Christmas 1994 was a real mixture for us. There was the loss of Wendy and the knowledge of all that Terry was going through mixed with the happiness of our first Christmas with Daniel in our first home in Nolan’s first pastorate. We made it through and have all the pictures that new parents should have of Baby’s First Christmas. However, about a month or so later, we found out that Christmas hadn’t been just us, there had been another family member present we didn’t know about. To our shock, and my dismay, I was pregnant.
I had been told that if a woman nursed her baby she wouldn’t get pregnant. Well, that is true, but it wasn’t until years later that I found out there is a very specific way nursing must be done in order to have that effect. Not only that, but a woman must know her signs of fertility so she can tell when her cycles are about to return. Since I didn’t learn all that until Mary Anne (Baby #5), I was stunned to learn I was pregnant.
So, how many Life Stress Points does that add up to so far? Lots! And I wasn’t happy at all about being pregnant. Daniel was just four months old and I didn’t want another baby right then. The due date was September 8, so the baby and Daniel would be exactly one year apart. Friends told me it would be okay and after the first couple of years it would get easier. The two little ones would grow up close and be good playmates. It didn’t matter, I didn’t want to be pregnant.
At sixteen weeks they did an ultrasound and the baby looked good. However, the doctor reading the results was very concerned that the placenta was lying low. He said my regular doctor would want to discuss it with me. When I saw my regular doctor, she never mentioned it. When I brought it up, she wasn’t concerned at all and said it would be fine.
The next few weeks I started feeling the baby move and make his presence known. Finally, I grudgingly accepted that this was happening.
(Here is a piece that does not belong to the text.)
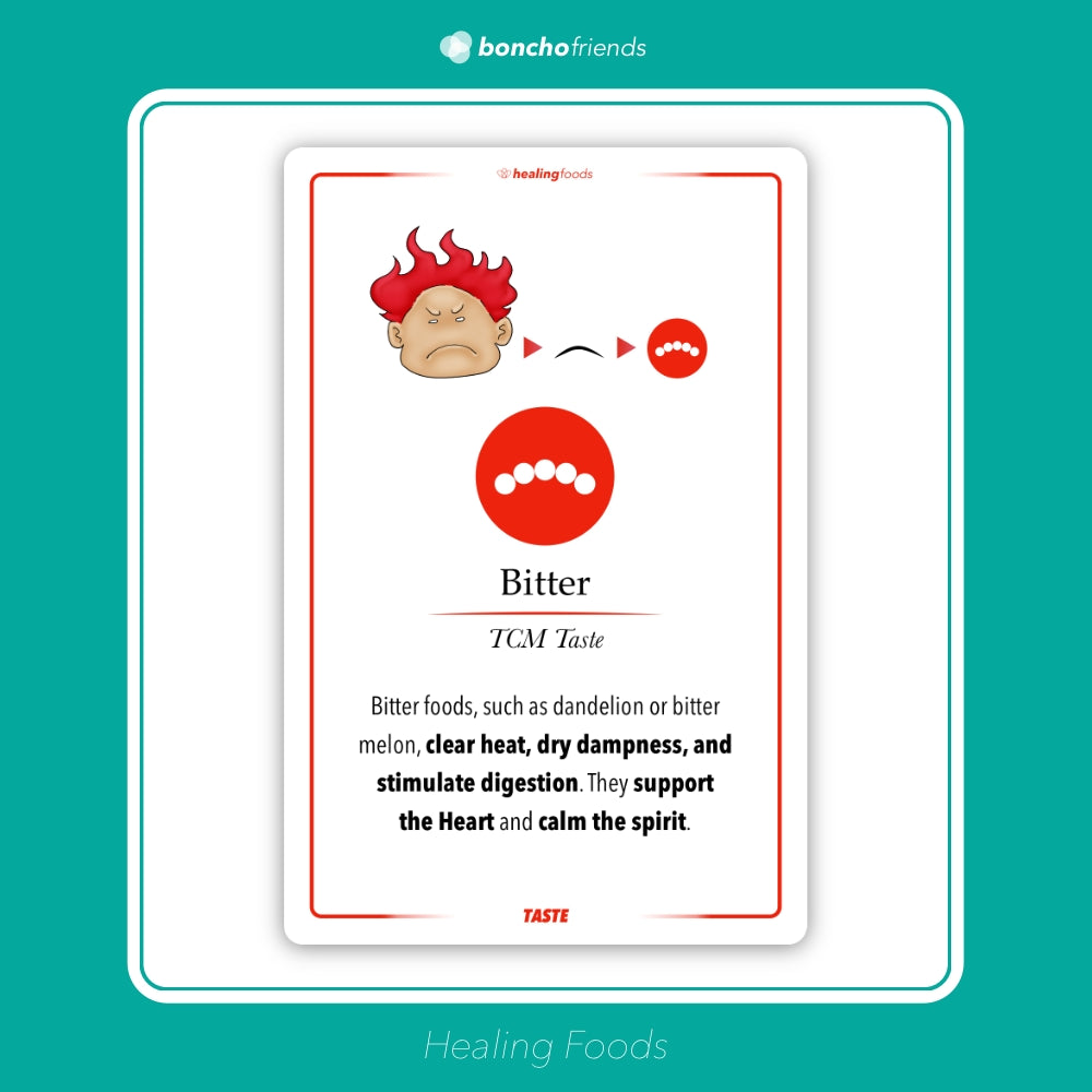 - Bitter (Fire / Heart–Small Intestine) – Clears Heat, dries Dampness, supports the Heart, calms the Spirit.

Once I got that far I started looking forward to having baby and Daniel close in age. (Of course, the nausea letting off probably had something to do with my positive outlook!) And then at twenty-one weeks the spotting started.
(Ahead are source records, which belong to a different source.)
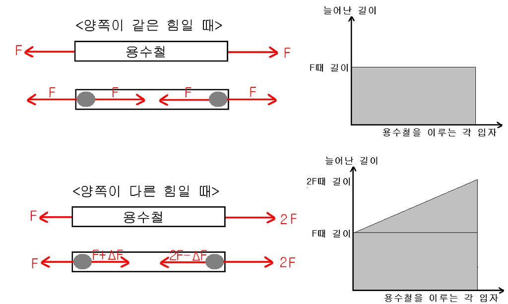 양쪽에 같은 힘이 가해졌을 경우와 다른 힘이 가해졌을 경우를 각각 생각하여 보았습니다. (아래 그림 참고)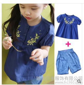 夏款新品童套裝 繡花短袖襯衫+水洗牛仔布燈籠褲**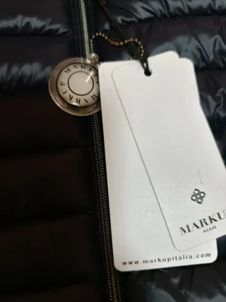 Chaleco acolchado de la marca MARKUP, ideal para añadir una capa extra de abrigo. Es una prenda nueva, sin estrenar. Aquí os dejo un precioso chaleco de la marca prestigiosa MARKUP , acolchado no pesa pero abrigan mucho naranja por dentro muy bonito gracias original 💯 por 💯 totalmente original se puede comprobar no hace falta mucho solo verlo las etiquetas las marcas el bordado el precio sin más muchas gracias - Diseño sin mangas. - Cierre frontal con cremallera. - Bolsillos laterales con cremallera. - Forro interior de color naranja vivo.

I called the doctor and she said to rest and see what happens. Either it would stop or get worse; if I were going to lose the baby there wasn’t anything to be done about it. I rested and took it easy and the bleeding stopped. That night I slept just fine. But as I was laying in bed the next morning, all of a sudden I felt something go “pop”within me. I jumped up and ran to the bathroom where the baby literally fell out of me. Even now I can say that was the worse experience of my life.
The baby was still in the placenta with all the fluid. Nolan took care of him, called the doctor and got us to Chester. The doctor asked if we wanted to see the baby and hold him. Nolan said yes and she opened up the placenta and said, “It’s a little boy.” Nolan held him in his hand and cried. I couldn’t bring myself to hold him. All I could think of was how I had not wanted this baby and now he was dead. I felt it was my fault and if I tried to hold him I would lose it completely right there in the doctor’s office.
The doctor offered no explanation and never did. Months later I figured out what a low-lying placenta was and what it could do. It had turned into placenta previa and I had lost my baby. Whether or not bedrest could have prevented the loss we’ll never know.
We named him Benjamin and took him home with us. We wrapped him in soft flannel and Nolan made a container in which to bury him. We buried him in Grace Cemetery, north of Rudyard. Some church friends offered to take care of Daniel for a couple of days so we could go away. We went to Glacier Park and stayed at a Bed and Breakfast. It was April, so the park was pretty empty and quiet. It was the perfect place for the shock to start wearing off. However, after all these years I still cry over Benjamin and what we lost in him. It came to me then with crystal-clear clarity that children are a gift from God, not a right.